Stored data:
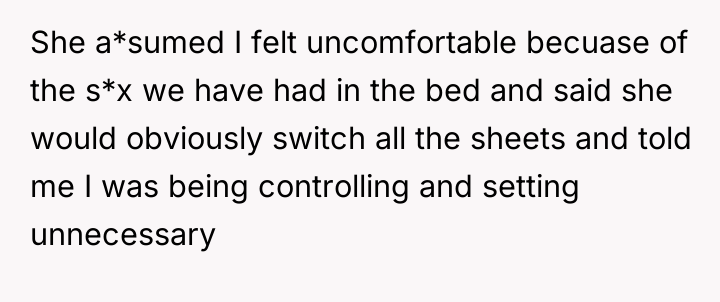 The boyfriend (OP) is attempting to establish a soft boundary around a specific item—the marital/couple's bed—viewing it as an intimate zone reserved for the couple. His motivation appears rooted in personal comfort and the symbolism of that space, even acknowledging it might be 'selfish.' Conversely, the girlfriend interprets this boundary as controlling, perhaps feeling that if the OP trusts her, he should trust her friends in their shared space, or she might be reacting defensively to what she perceives as an unjustified restriction on her hosting rights.
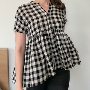 Gently used, great condition. The very definition of effortless, this swingy gingham top creates a flattering silhouette thanks to a spot-on, waist-defining empire seam. Christina, our customer styling director, loves the way it pairs with crisp white denim and is already working it into her fall wardrobe.
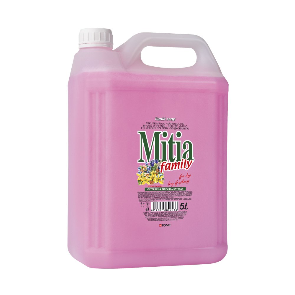 Tekuté mýdlo Mitia Family, Spring flowers, fialové, 5 l je jemné tekuté mýdlo s vůní jarních květin, které efektivně čistí pokožku a zanechává ji svěží a provoněnou.
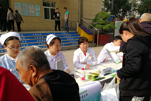 本次活動以專家義診和科學(xué)抗癌科普展的形式開展,活動現(xiàn)場,腫瘤內(nèi)科專家張文秀副主任醫(yī)師、普外科專家黃永凱副主任醫(yī)師、婦科專家王麗副主任醫(yī)師、胸外科專家張衛(wèi)寧副主任醫(yī)師、呼吸血液腫瘤科張引亮主治醫(yī)師等為前來咨詢的患者免費義診,提供科學(xué)防癌咨詢,答疑解惑。婦科護士長鹿怡、呼吸血液腫瘤科護士長王麗芳、護士李小玉、普外科護士何瑾等為患者量血壓、發(fā)放防癌科普資料,講解常見致癌危險因素等相關(guān)知識。
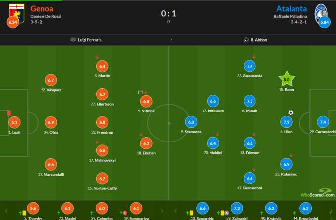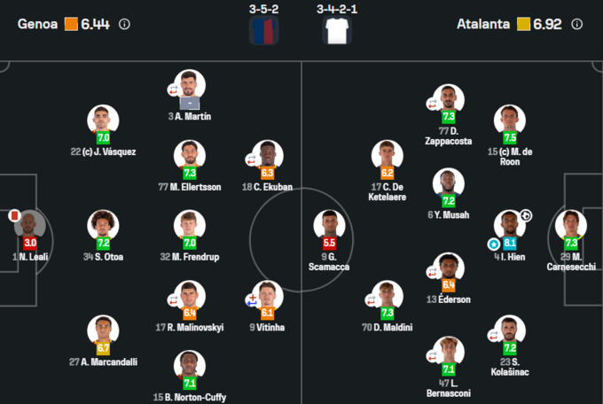 Український хавбек Руслан Маліновський вийшов у стартовому складі своєї команди, провів на полі 67 хвилин, результативними діями не відзначився. Статистичні портали SofaSCore і WhoScored оцінили гру півзахисника в 6,4 і 6,6 балів відповідно.

→ To do
Go through the entries and retype them exactly, except for the images.

→ Answer
 The boyfriend (OP) is attempting to establish a soft boundary around a specific item—the marital/couple's bed—viewing it as an intimate zone reserved for the couple. His motivation appears rooted in personal comfort and the symbolism of that space, even acknowledging it might be 'selfish.' Conversely, the girlfriend interprets this boundary as controlling, perhaps feeling that if the OP trusts her, he should trust her friends in their shared space, or she might be reacting defensively to what she perceives as an unjustified restriction on her hosting rights.
 Gently used, great condition. The very definition of effortless, this swingy gingham top creates a flattering silhouette thanks to a spot-on, waist-defining empire seam. Christina, our customer styling director, loves the way it pairs with crisp white denim and is already working it into her fall wardrobe.
 Tekuté mýdlo Mitia Family, Spring flowers, fialové, 5 l je jemné tekuté mýdlo s vůní jarních květin, které efektivně čistí pokožku a zanechává ji svěží a provoněnou.
 本次活動以專家義診和科學(xué)抗癌科普展的形式開展,活動現(xiàn)場,腫瘤內(nèi)科專家張文秀副主任醫(yī)師、普外科專家黃永凱副主任醫(yī)師、婦科專家王麗副主任醫(yī)師、胸外科專家張衛(wèi)寧副主任醫(yī)師、呼吸血液腫瘤科張引亮主治醫(yī)師等為前來咨詢的患者免費義診,提供科學(xué)防癌咨詢,答疑解惑。婦科護士長鹿怡、呼吸血液腫瘤科護士長王麗芳、護士李小玉、普外科護士何瑾等為患者量血壓、發(fā)放防癌科普資料,講解常見致癌危險因素等相關(guān)知識。
 Український хавбек Руслан Маліновський вийшов у стартовому складі своєї команди, провів на полі 67 хвилин, результативними діями не відзначився. Статистичні портали SofaSCore і WhoScored оцінили гру півзахисника в 6,4 і 6,6 балів відповідно.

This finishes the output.